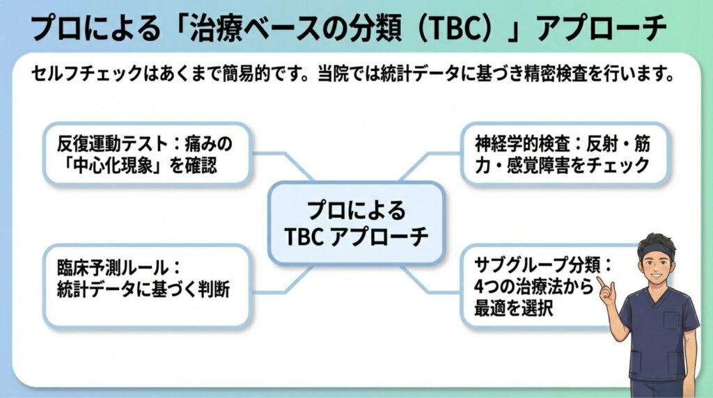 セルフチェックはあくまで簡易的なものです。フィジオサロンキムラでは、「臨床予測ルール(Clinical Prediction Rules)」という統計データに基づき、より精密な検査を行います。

---

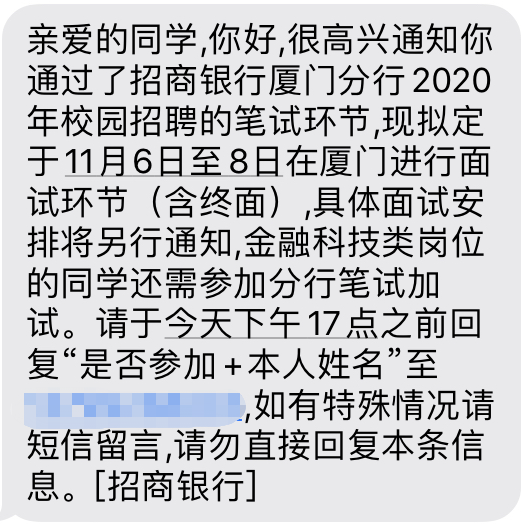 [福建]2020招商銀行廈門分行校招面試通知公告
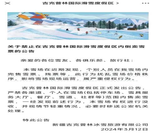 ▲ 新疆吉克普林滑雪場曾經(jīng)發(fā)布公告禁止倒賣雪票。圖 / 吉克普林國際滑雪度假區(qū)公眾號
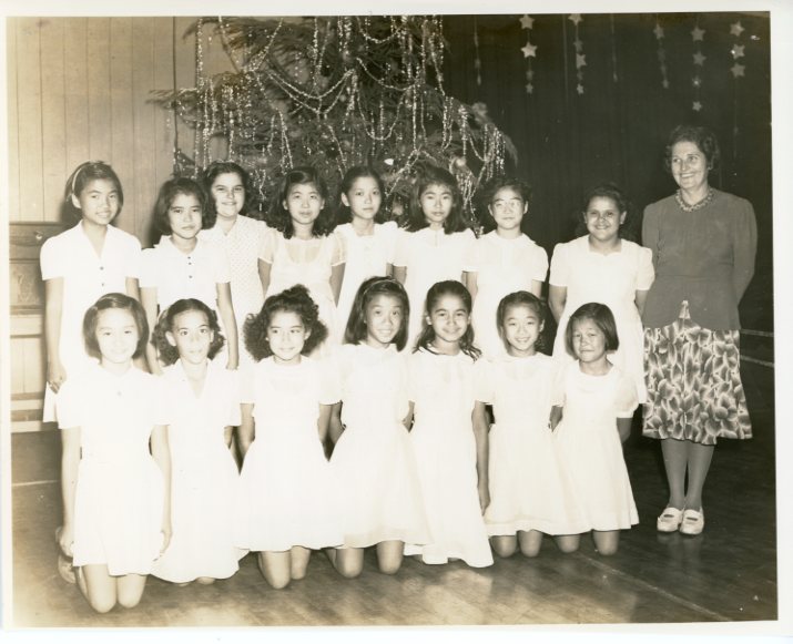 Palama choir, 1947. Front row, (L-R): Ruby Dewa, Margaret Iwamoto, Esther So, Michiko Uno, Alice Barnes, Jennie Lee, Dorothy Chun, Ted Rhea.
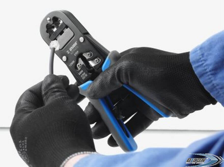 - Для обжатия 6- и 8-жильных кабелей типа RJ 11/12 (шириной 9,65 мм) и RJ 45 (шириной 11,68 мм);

■ WHAT YOU NEED TO DO ■
Working from the entries above, please transcribe only the lines from the line with "Palama choir, 1947." through the line with "- Для обжатия", exactly, with both end lines and without pictures.

■ ANSWER SECTION ■
 Palama choir, 1947. Front row, (L-R): Ruby Dewa, Margaret Iwamoto, Esther So, Michiko Uno, Alice Barnes, Jennie Lee, Dorothy Chun, Ted Rhea.
 - Для обжатия 6- и 8-жильных кабелей типа RJ 11/12 (шириной 9,65 мм) и RJ 45 (шириной 11,68 мм);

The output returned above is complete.